Why the BBC needs to use licence fee income to support local newsgathering

Unless we take urgent action to address the decline of the regional press we will find the whole journalism industry is built on sand.

Regional newspapers are where news begins. Without local reporters reading council agendas, going to meetings and picking up the phone, the national press, broadcasters and even the likes of Buzzfeed will have far fewer stories to follow up.

Society and democracy will be immeasurably worse off.

When I started my career as a reporter at Johnston Press in 1998 the company was making enormous profits of around 40 per cent on turnover.

Even then costs were incredibly tight. I was the only reporter on my edition (fresh out of college on a pittance of a salary) and covered a population of around 20,000 – a busy market town and its surrounding villages. We had one shared sub-editor who provided some continuity and much-needed advice and oversight.

When the district council wanted to build a huge waste incinerator on my patch, when dozens of homes were submerged by flooding and when a mother of four denied mental health care committed suicide, I sought to provide a voice for local people and to help them hold those in authority to account.

The sub-editor was axed some years ago and even the dedicated district reporter has now gone. The paper is instead filled by content provided by a centralised pool of reporters covering several titles, much of which comes from elsewhere in the area.

It the same story all over the country.

This week two newspapers covering nearby market towns in Yorkshire were merged: The Hebden Bridge Times and Todmorden News.  The papers once had four journalists each “pro-actively seeking stories, monitoring local authority decisions and reporting from the courts”, as the local NUJ branch put it.

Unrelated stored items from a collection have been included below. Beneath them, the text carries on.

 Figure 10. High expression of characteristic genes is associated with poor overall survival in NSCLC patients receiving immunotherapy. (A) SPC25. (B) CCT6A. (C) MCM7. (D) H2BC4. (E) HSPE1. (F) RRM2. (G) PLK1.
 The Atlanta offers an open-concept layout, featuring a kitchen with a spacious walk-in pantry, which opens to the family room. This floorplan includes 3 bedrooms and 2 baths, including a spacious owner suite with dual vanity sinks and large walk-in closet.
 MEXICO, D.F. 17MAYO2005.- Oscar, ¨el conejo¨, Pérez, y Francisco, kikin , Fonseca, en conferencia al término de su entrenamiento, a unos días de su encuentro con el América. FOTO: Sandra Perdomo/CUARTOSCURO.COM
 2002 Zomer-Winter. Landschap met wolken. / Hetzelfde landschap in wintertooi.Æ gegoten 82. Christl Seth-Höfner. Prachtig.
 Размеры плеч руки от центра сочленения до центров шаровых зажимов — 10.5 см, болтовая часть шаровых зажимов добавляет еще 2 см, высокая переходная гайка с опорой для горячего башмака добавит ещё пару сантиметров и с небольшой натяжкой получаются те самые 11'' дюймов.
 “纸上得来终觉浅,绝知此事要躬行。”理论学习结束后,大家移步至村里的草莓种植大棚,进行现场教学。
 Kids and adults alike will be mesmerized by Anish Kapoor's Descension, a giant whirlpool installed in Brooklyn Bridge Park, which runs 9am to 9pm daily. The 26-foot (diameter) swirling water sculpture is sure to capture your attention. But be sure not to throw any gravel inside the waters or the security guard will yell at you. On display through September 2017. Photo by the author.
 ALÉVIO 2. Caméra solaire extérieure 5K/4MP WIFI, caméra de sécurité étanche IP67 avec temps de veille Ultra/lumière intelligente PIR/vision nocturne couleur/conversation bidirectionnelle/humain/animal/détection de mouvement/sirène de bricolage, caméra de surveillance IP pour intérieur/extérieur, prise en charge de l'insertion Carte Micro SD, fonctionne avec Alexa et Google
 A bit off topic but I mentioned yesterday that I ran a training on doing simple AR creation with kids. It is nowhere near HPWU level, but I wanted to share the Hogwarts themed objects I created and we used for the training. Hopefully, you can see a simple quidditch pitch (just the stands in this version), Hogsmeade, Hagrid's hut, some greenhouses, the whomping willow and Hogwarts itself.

Today, the content is provided out of a pool of journalists based in Halifax who also work on other titles.

The two towns are 14 miles apart and, I suspect if they are anything like my old patch, intensely parochial when it comes to local news and baffled by the idea that they should be merged.

Ten years ago, the Newspaper Society estimated that 13,000 journalists were employed in the regional press. It no longer publishes a figure, but my estimate is that the total may well have halved.

New local independent websites are cropping up all the time, but only a tiny minority provide professional journalistic coverage. Most are run by volunteers.

Regional press publishers can’t be blamed for the fact that their revenue fell off a cliff in 2008 and has not returned. The classified advertising which underpinned their business model has gone and they have had to cut costs to survive.

With charter renewal looming at the BBC we have a chance to ensure that the corporation uses some of its £3.7bn licence fee income to better support professional local newsgathering.

The offer from the BBC to provide 100 public-service reporters, seconded to local newspapers, is a positive start.

The relationship between local BBC websites and radio stations and regional newspapers needs to be mutually supportive.

Why shouldn’t the BBC, as a public service broadcaster, seek to fill in the gaps in news coverage by providing court and council reporting in areas where it is no longer economically viable for commercial publishers to do so?

And why shouldn’t the BBC pay a fee for stories which are uncovered by local newspapers, rather than following them up for free and undermining the ability of commercial publishers to survive?

The corporation can help local newspapers in other ways, by promoting them and sharing its expertise and technology.

The BBC, like all national media, can only benefit from the maintenance of a strong network of regional press newsgatherers.